When you study workplace dynamics and take a look at those individuals who get the biggest raises, the biggest promotions, and are least likely to get ‘downsized,’ you will begin to see a pattern. There is a commonality to these people, their actions, and their approach to work that we can all learn from. In addition to having consistently positive attitudes (that’s the #1 criteria), they are all perceived as bringing the greatest value to their organization.

What does this mean, you might ask? I do my job – so aren’t I bringing value to my organization? Fair question and the answer is most likely ‘yes,’ you do bring value to your organization. But value is a relative thing, and people perceive it in comparison to the world around them.

Imagine, for example, that the average price of a dozen eggs is $2.00. One day you visit a store, however, find them selling for $1.00 a dozen. “What a great deal,” you might think. Compared to what you were used to, you would believe that you just got an amazing value for your dollar. But what if, in the next three places you visited, you saw the same brand of eggs now selling for a regular price of 50c a dozen. Would you still believe that you got great value in that store? Not so much any more. And how would you begin feeling about the $2.00 you’d been paying in all the other stores previously? Value is all about perception.

Our bosses view our value in much the same way. They pay salary X for us to do job Y, and as long as we do job Y, they will perceive us as bringing value to the company. But if a boss has five employees doing job Y and one doing job Y+1, who is he (she) most likely to promote when the opportunity arises? Similarly, if four people are doing job Y+1, and one is just doing job Y, who is likely to be the first out of the door in a downsizing?

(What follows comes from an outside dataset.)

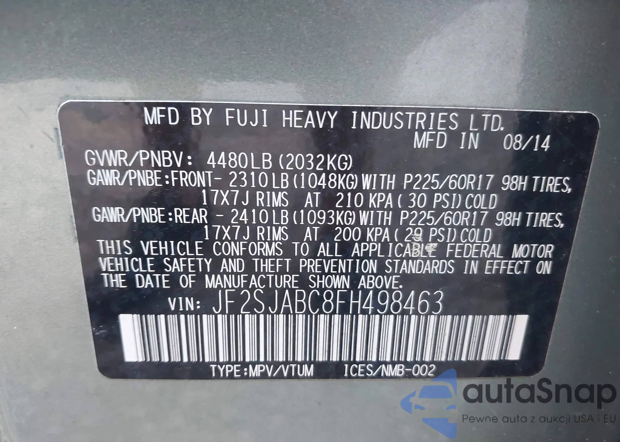 VIN: JF2SJABC8FH498463

How do you make sure you bring extra value to your company? Look for opportunities to pitch in. Keep an eye out for information, contacts or leads that might be useful to your boss. Get to know your subject matter better than anyone else. Go to workshops, watch videos. Read. Look beyond your paycheque at the end of the week, and think about how you can make a difference to your organization. Don’t believe for a second that people don’t notice!